Şerh bir şov AİHM rahatsız

AÇILAN dava sayısı üçyüzü geçiyor. Buna rağmen, Avrupa İnsan Hakları Mahkemesi’nde (AİHM) dava kazanan henüz yok. Bundan sonra da, kazanmaları zor görünüyor.

Her yıl aralık başında Yüksek Askeri Şura (YAŞ) toplanıyor. İrticai faaliyet ya da disiplinsizlik nedeniyle, değişik rütbelerde subay ve astsubayların ordu ile ilişkileri YAŞ’ta kesiliyor.

YAŞ’ın bu kararları son yıllarda iki farklı sonuca yol açıyor.

1- AKP iktidarıyla birlikte, Başbakan ve Milli Savunma Bakanı, bu karara katılmadıklarını belirten, şerh koyuyor. Yani, itiraz ediyor.

2-
Hükümetin şerh kararıyla, orduyla ilişkisi kesilenler, kendilerini sağlama aldıkları inancıyla AİHM’ye başvuruyor.

Şerh ve başvuru her sefer çuvallıyor. İki çuvallama arasında fark var.

RET GEREKÇESİ

Ordudan atılanların açtığı her davaya AİHM’in ret gerekçesi aynı:

"Din ve vicdan özgürlüğü bireysel özgürlüklerdendir. Orduda görev yapmak istemek ordu disiplinine uymayı önceden kabul etmektir. Dolayısıyla, disipline aykırı davranmanın cezasını, yine baştan kabul etmektir. İrticai faaliyeti ordu kendi kuralına aykırı görüyor ve bu nedenle ordudan atıyorsa, bunun hukuka aykırı bir yönü yoktur."

Öyle ki, örneğin bir subay, eşinin türbanlı olması nedeniyle, ordudan atıldığını öne sürüyor ve tazminat davası açıyor. Ancak, AİHM bu olayda bile ret kararı veriyor.

ÇİFTE STANDART

Başbakan ile Milli Savunma Bakanı’nın şerh koymasının ise, iki farklı yönü var.

1- Şerh koyarak, kendi kamuoyuna gövde gösterisi yapmak. Bir tür şov.

2- Oysa bu gösteri uluslararası hukuka aykırı. Zaten AİHM’yi rahatsız eden de bu.

AİHM Türk Hukuku’nun bir parçası. AİHM ordudan disiplinsizlik nedeniyle atılanların durumunu Avrupa İnsan Hakları Sözleşmesi’ne uygun görüyor.

AİHM’nin sözleşmeye uygun gördüğü karara şerh koymak, aslında hukuka aykırı bir davranış. Yani, Başbakan Erdoğan’ın şerhi hukuka aykırı. Onun için şerh koymak, gösteriden öteye gitmiyor.

Dahası var. AKP sık sık, YAŞ kararlarını yargı denetimine açmaktan söz ediyor. Ordu ile tahterevallinin bir uzantısı.

Oysa AİHM’ye başvurular, yargı denetimininin zaten kendisi. YAŞ ile ilgili yargı denetimi zaten var.

Her Aralık’ta şerh koymak, arkasından o kararları yargı denetimine açmaktan söz etmek, AİHM’yi hiçe saymak demek. AİHM bunu hoş karşılamıyor.

İşine geldiği yerde AB, gelmediği yerde şerh. O çifte standardı kimse yutmuyor.

Daha önce YAŞ kararlarına şerh koyan Abdullah Gül’ün o kararları şimdi onaylaması, istemeyerek de olsa, hukuk içinde bir davranış.
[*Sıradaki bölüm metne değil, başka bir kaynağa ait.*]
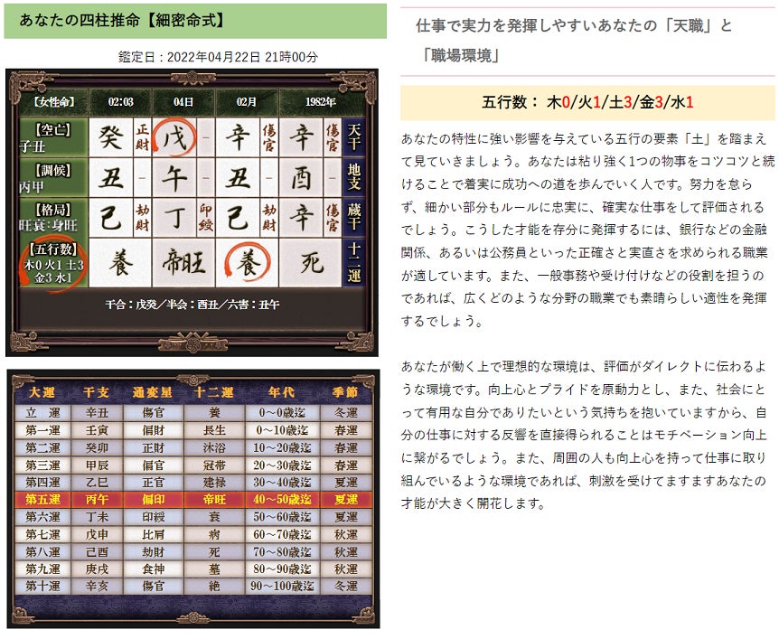・コンテンツ名称:四柱推命|細密計算で占うあなたの性格と運勢傾向『無料占い』

Vahşi sulama almış başını gidiyor

KURAKLIK Türkiye’yi su tasarufu konusunda ciddi önlemlere zorluyor.

Türkiye’de suyun yüzde 74’ü tarımda kullanılıyor. Asıl tasarruf tarımda. Mevlam kayıra, saldım suyu çayıra, mantığı ile tarımda vahşi sulama almış başını gidiyor. Oysa, ürün türüne göre, damlama ya da püskürtme yoluyla çok büyük tasarruf sağlamak mümkün. Damlama yüzde 1.5, püskürtme yüzde 4.5 gibi komik oranlarda.

Teşvik amacıyla, Ziraat Bankası damlama suya sıfır faizli kredi veriyor. Ancak, vahşi sulama alışkanlığı değişmiş değil. Sıfır faiz henüz çiftçiye ulaşmıyor.

Tarım Bakanlığı ile Çevre Bakanlığı’nın çiftçiye anlatması gereken nokta burası. Yeteri kadar anlatılamadığı ortada.

Büyük kentlerde ise, su tasarrufu sanki unutulmuş gibi.